De maximum waarde, welke de in brieven te verzenden geldswaardige papieren en de in doosjes te verzenden juweelen en andere kostbaarheden mogen hebben, bedraagt 10.000 franken; de brieven met aangegeven waarde zijn onderworpen aan het gewone briefport, het vast aanteekenrecht van 10 cent en aan een recht van verzekering, dat afhangt van het aantal landen of koloniën, die aan het vervoer deelnemen, vermeerderd met het recht voor het vervoer over zee; de doosjes met aangegeven waarde zijn onderworpen aan een port van zooveel maal 25 cent als het aantal landen of koloniën bedraagt, die aan het vervoer deelnemen, vermeerderd met 50 cent voor het zeevervoer en met het recht van verzekering, dat gelijk is aan dat voor brieven met aangegeven waarde. Behoudens geval van overmacht wordt, bij verlies, berooving of beschadiging, aan den afzender of met diens bewilliging aan den geadresseerde, de werkelijke schade tot een maximum van de aangegeven waarde uitgekeerd. In het verkeer met de landen, die zich hebben bereid verklaard tot invoering van een dergelijken dienst kunnen de brieven en doosjes met aangegeven waarde belast worden met een verrekenbedrag van ten hoogste 1000 franken. Het ingevorderde bedrag wordt na aftrekking van een vast recht van 5 cent en van het gewone postwisselrecht per postwissel overgemaakt.
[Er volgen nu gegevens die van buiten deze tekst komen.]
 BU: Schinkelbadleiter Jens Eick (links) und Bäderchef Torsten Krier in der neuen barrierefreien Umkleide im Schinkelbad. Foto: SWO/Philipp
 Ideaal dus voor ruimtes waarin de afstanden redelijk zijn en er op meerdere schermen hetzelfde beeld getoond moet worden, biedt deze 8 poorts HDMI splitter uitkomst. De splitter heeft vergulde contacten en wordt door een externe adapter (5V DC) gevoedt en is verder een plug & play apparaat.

De brieven zijn tot elk gewicht toegelaten en niet aan afmetingen gebonden. Het maximum gewicht der doosjes is 1 K.G. en van de afmetingen: 30 c.M. lengte, 10

c.M. breedte en hoogte.

b. Invordering van gelden op quitantiën en handelspapier.

Ter invordering zijn toegelaten gewone quitantiën, voor voldaan geteekende rekeningen, facturen, wisselbrieven, assignatiën of ander handelspapier, mits zonder kosten betaalbaar. De verzending geschiedt onder angeteekend couvert, dat quitantiën enz. voor ten hoogste 5 schuldenaren mag bevatten tot een totaal bedrag van ten hoogste 1000 franken. Het ingevorderde bedrag wordt per postwissel overgemaakt, na aftrekking van: een vast recht van 5 cent per quitantie, enz., het postwisselrecht en de eventueele zegel- of andere kosten.
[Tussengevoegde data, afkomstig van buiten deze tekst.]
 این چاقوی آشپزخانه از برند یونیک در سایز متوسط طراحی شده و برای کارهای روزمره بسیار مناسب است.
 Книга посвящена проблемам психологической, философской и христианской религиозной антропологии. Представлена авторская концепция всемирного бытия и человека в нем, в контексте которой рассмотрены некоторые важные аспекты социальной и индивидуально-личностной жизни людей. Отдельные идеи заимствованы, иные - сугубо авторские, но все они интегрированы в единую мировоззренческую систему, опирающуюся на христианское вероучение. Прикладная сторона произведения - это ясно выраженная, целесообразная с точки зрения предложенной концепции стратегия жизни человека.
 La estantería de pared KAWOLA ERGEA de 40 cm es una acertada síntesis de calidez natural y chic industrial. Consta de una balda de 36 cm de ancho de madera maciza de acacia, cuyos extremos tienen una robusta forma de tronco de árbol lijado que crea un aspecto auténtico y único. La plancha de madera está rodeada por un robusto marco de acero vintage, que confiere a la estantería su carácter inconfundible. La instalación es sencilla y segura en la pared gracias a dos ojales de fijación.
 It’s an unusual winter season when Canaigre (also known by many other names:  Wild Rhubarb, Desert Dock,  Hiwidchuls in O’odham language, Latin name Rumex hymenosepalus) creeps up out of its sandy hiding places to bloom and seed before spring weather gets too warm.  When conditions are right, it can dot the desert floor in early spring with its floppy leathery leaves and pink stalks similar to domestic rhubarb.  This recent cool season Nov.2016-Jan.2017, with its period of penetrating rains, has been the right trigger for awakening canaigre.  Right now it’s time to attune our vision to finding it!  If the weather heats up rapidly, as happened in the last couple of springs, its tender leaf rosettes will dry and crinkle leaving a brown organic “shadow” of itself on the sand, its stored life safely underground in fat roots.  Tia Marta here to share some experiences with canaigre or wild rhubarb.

In G.B. 1909 no. 7 en 8 zijn de uitvoerings bepalingen van dit K.B. opgenomen.

Tot dusver is de kolonie Curaçao niet tot de voormelde overeenkomsten toegetreden en bestaat de dienst der aangegeven waarde en invordering van gelden daar dus niet.

V. Pakketpostdienst.

a. Buitenlandsche dienst van beide Koloniën.
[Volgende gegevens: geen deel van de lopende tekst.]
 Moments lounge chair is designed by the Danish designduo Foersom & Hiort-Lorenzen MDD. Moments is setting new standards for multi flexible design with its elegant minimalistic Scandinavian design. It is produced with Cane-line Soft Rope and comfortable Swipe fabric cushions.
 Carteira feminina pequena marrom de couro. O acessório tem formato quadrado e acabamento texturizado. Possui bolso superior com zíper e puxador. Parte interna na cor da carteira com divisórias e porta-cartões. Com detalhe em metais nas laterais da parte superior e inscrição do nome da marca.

Het in 1891 te Weenen gesloten internationale pakketpostverdrag werd voor de Nederlandsche koloniën onderteekend onder voorbehoud, dat de invoering van den dienst niet aanstonds behoefde te geschieden. Dit had voor Suriname en Curaçao plaats met ingang van 1 September 1894 (G.B. no. 5, 18, 21 en P.B. no. 8, 10 en 14) Van de uitzonderingsbepalingen van het internationale verdrag werd aanvankelijk gebruik gemaakt om zich niet te belasten met pakketten met aangegeven waarde, verrekeningpakketten, pakketten met expresse bestelling en z.g. hinderlijke pakketten. Toegelaten zijn pakketten tot een gewicht van 3 of 5 K.G. naar gelang van het maximum-gewicht dat in het land van bestemming toegelaten is. Ze mogen

langs geen der zijden de afmeting van 60 c.M. te boven gaan en geen grooter

inhoudsmaat hebben dan 25 d.M3 .; echter zijn pakketten toegelaten die een lengte hebben van 1 M., mits de breedte en dikte niet meer dan 20 c.M. bedraagt (regenschermen, wandelstokken enz.) en in het verkeer met Engeland en de Br. koloniën: lengte ten hoogste 1.065 M. (3 voet en 6 duim Engelsche maat) en lengte en omvang te zamen niet meer dan 1.83 M. (6 voet Eng. maat). - Met de pakketpost mogen niet worden vervoerd: papieren, die het kenmerk eener briefwisseling bezitten; levende dieren (in Suriname wel bijen) en in Curacao ook levende planten; ontplofbare stoffen en andere gevaarlijke voorwerpen; goederen, waarvan de in- of uitvoer in de kolonie verboden is en voorwerpen of goederen, welke in het land van bestemming of in een land waarover het vervoer geschieden moet niet zijn toegelaten en in Suriname bovendien: gemunt geld en opium. Sedert 1895 kunnen ook pakketten gewisseld worden met landen of koloniën niet tot het intern. verdrag toegetreden, maar waarmede, ingevolge bijzondere overeenkomsten of regelingen, rechtstreeks of transito andere landen een pakketpostdienst onderhouden wordt en sedert 1904 zijn, zoowel in Suriname als in Curaçao, pakketten met aangegeven waarde en met verrekening toegelaten tot een maximumbedrag van 500 francs, is het verkeer met de landen, welk zich met de behandeling daarvan belasten.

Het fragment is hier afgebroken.